Several months after J.F. was placed with the great aunt, the juvenile court terminated the parental rights of J.F.'s parents and denied a petition by R.P. to vacate the placement order. R.P. appealed from the order denying her petition to vacate that order. The Department moves to dismiss the appeal on several grounds, including that R.P. lacks standing and she failed to challenge the order by a petition for extraordinary writ.

The appellate court held that the Department's arguments in support of dismissal (that R.P. was not aggrieved by the placement order and thereby lacked standing, and that the petition should be dismissed because R.P. failed to file a writ petition under 366.28) were unavailing. The appellate court noted that "in this case, R.P. purported to appeal from, and her opening brief purports to challenge, the order denying her section 388 petition to vacate the contested placement order. An order denying a section 388 petition is appealable even if a writ was not sought after the original placement order was made." Accordsingly, the motion to dismiss the appeal was denied.

However, the appellate court also held that the juvenile court did not abuse its discretion in denying her 388 petition to vacate the contested placement order, because she failed to present evidence of sufficient new information to support it, and because, "[w]hile the juvenile court would have been acting within its discretion if it had determined it was in J.F.'s best interests to remain with R.P., we cannot say that the court's decision to the contrary 'exceeded the bounds of reason.'"

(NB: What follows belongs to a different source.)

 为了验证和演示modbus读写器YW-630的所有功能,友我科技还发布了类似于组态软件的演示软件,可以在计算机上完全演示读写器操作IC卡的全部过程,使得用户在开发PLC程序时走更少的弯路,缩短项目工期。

Accordingly, the Department's motion to dismiss, and R.P.'s appeal were both denied, and the juvenile court's orders were affirmed.

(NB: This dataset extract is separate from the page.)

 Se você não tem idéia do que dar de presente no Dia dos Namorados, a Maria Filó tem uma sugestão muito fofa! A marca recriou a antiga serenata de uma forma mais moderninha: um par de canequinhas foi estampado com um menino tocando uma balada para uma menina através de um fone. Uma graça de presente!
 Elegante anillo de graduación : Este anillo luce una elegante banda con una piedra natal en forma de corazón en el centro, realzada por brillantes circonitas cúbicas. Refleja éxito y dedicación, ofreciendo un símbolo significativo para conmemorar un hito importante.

Opinion: B204204.PDF, B204204.DOC

In re R.F. (Unpub'd), No. F056167

R.D. and A.V., de facto foster parents (collectively the foster parents), appeal from the juvenile court's orders (1) declaring their foster daughter R.F.'s maternal grandmother her de facto parent, and (2) granting the Madera County Department of Social Services' Welfare and Institutions Code section 388 petition, which removed R.F. from their home and placed her with her maternal grandmother. The foster parents contend there was insufficient evidence to support the court's order declaring the maternal grandmother a de facto parent, and the court erred in granting the section 388 petition because it incorrectly applied the relative placement preference (361.3(a) W&IC) and failed to apply the caretaker preference (366.26(k) W&IC).

The appellate court noted that sufficient changed circumstances, including that Father withdrew his request for reunification services and the grandmother requested placement), supported the petition. Further, the court noted that "[t]here was also evidence that placing the baby with grandmother would promote the baby's best interests, since such a placement would foster the baby's lifelong relationship with her grandmother and half-siblings." Accordingly, the appellate court held that the trial court did not abuse its discretion in granting the 388 petition.

The appellate court declined to address the contentions involving the relative placement and caretaker placement preferences, finding that "the juvenile court's decision to grant the section 388 petition is supported by evidence apart from the relative placement preference that placing the baby with grandmother was in the baby's best interest."

The appeal was therefore denied, and the juvenile court's order affirmed.